Story at a glance
- A draft of the Supreme Court’s opinion on Dobbs v. Jackson Women’s Health Organization was leaked and appeared to overturn Roe v. Wade.
- In response, leaders across the country are trying to expand and protect abortion rights.
- Illinois, California, New Jersey and Connecticut have each committed to protecting abortion rights.
Some leaders across the country have decided to make their cities and states abortion safe havens in the wake of the Supreme Court’s draft opinion being leaked Monday evening and revealing the court is poised to overturn the 1973 case of Roe v. Wade.
The 67-page opinion, written by Justice Samuel Alito for the Dobbs v. Jackson Women’s Health Organization case, concludes that Roe and the court’s 1992 decision in Planned Parenthood v. Casey have no grounding in the Constitution. Alito even said he viewed Roe as “egregiously wrong.”
The court’s final published opinion is expected within the next two months and if it stays consistent with Alito’s draft, there are 13 states ready to automatically ban abortions upon Roe v. Wade being wholly or partially overturned.
However, there are certain parts of the country that have had the opposite reaction, hoping to expand access to abortion care for more women in their states and for out-of-state patients too.
That includes California, where the Los Angeles County Board of Supervisors is considering voting its support of Senate Bill 1245. That would establish a “reproductive health-care pilot project in the county to support innovated approaches and patient-centered collaborations to safeguard patient access to abortions, regardless of residency,” according to local media there.
That comes on the heels of California Gov. Gavin Newsom (D), who released a statement on Twitter early Tuesday morning that said he would work with state senators to, “enshrine the right to choose in the California constitution.”
Chicago mayor Lori Lightfoot made a similar statement late Monday night, saying on Twitter, “As mayor, I have one message to anyone worried about access to abortion care…Chicago’s doors are open. We unequivocally respect you, and your choices.”
Illinois Gov. JB Pritzker also held a press conference Tuesday morning, addressing the Supreme Court’s leaked opinion, saying “let me be clear, no matter what atrocious opinion the Supreme Court officially rolls out this summer in regards to Roe v. Wade, abortion is safe and legal in Illinois.”
Pritzker also noted that even if Roe v. Wade is overturned, abortions will not stop happening.
“It just means that in half of the states where their governors and legislatures have declared war on reproductive rights, women will be forced into dangerous and sometimes deadly situations.”
New York Gov. Kathy Hochul (D) also signed new legislation on Tuesday that appointed a new member to the state’s Public Health and Health Planning Council that would represent women’s health care providers. The move is meant to add someone with experience in unique health care issues that women face every day and who can inform policy.
“As the fundamental right to abortion is in jeopardy at the Supreme Court, it is more important than ever before that we take steps here in New York to ensure equitable access to women’s reproductive health,” said Hochul in a statement.
As recently as last week the Connecticut Senate gave final legislative approval to a bill that expands abortion rights and care in the state. It would prevent state and local agencies from cooperating in investigations and prosecutions of abortion providers in the state while also preventing an out-of-state patient’s medical records from being disclosed.
New Jersey implemented a similar bill under Gov. Phil Murphy (D), codifying abortion rights in the state’s Freedom of Reproductive Choice Act. It ensures that even if Roe v. Wade were to be overturned, the right to reproductive choice would be protected.

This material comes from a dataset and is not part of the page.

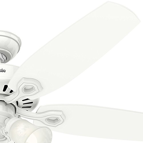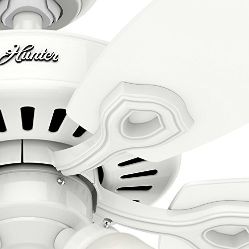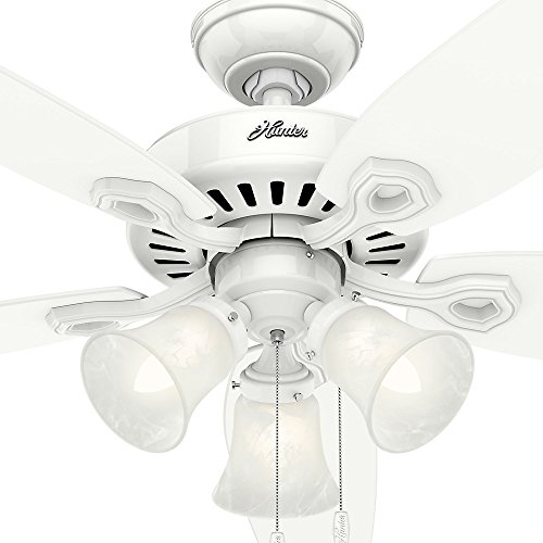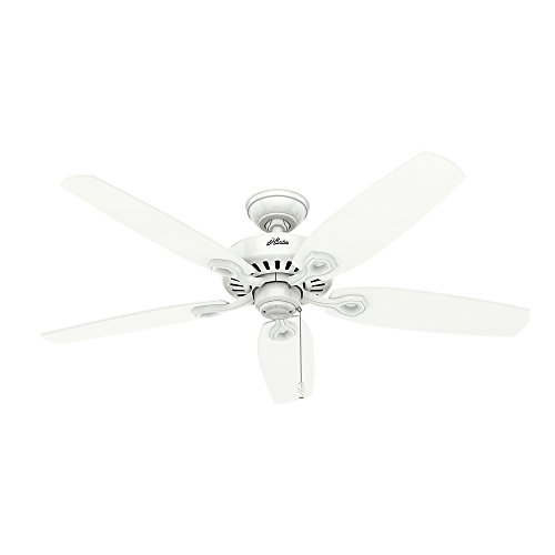 When you've arrived at that place where you're simply unwilling to settle for anything less than the very best, you're ready for Hunter's Builder Plus. Builder Plus ceiling fans are more than just beautiful-they're painstakingly designed and carefully crafted. This is a fan you can count on for unmatched performance, a great price and easy installation. Uncluttered style in a snow white designer finish with five snow white blades blends seamlessly with your decor. The simple light fixture features a snowflake linen glass bowl and uses two 60W candelabra bulbs (included). High performance, Whisper Wind Motor delivers ultra-powerful air movement with whisper-quiet performance so you get the cooling power you want, without the noise you don't.Feature

Democrats in Congress have also committed to act on behalf of women’s right to choose, with Senate Majority Leader Charles Schumer (D-N.Y.) announcing Tuesday morning that he will hold a vote on the Senate floor on legislation to codify the right to an abortion.
“A vote on this legislation is not an abstract exercise. This is as urgent and real as it gets. We’ll vote to protect women’s right to choose,” said Schumer.
However, Senate Judiciary Committee Chairman Dick Durbin (D-Ill.) conceded that Democrats do not have the 60 votes in the Senate needed to pass legislation to codify Roe v. Wade. However, Durbin said, “we’re discussing at this point what our next move is. There is discussion about floor action on this basic issue from the Alito opinion and we’re going to make a decision on that shortly.”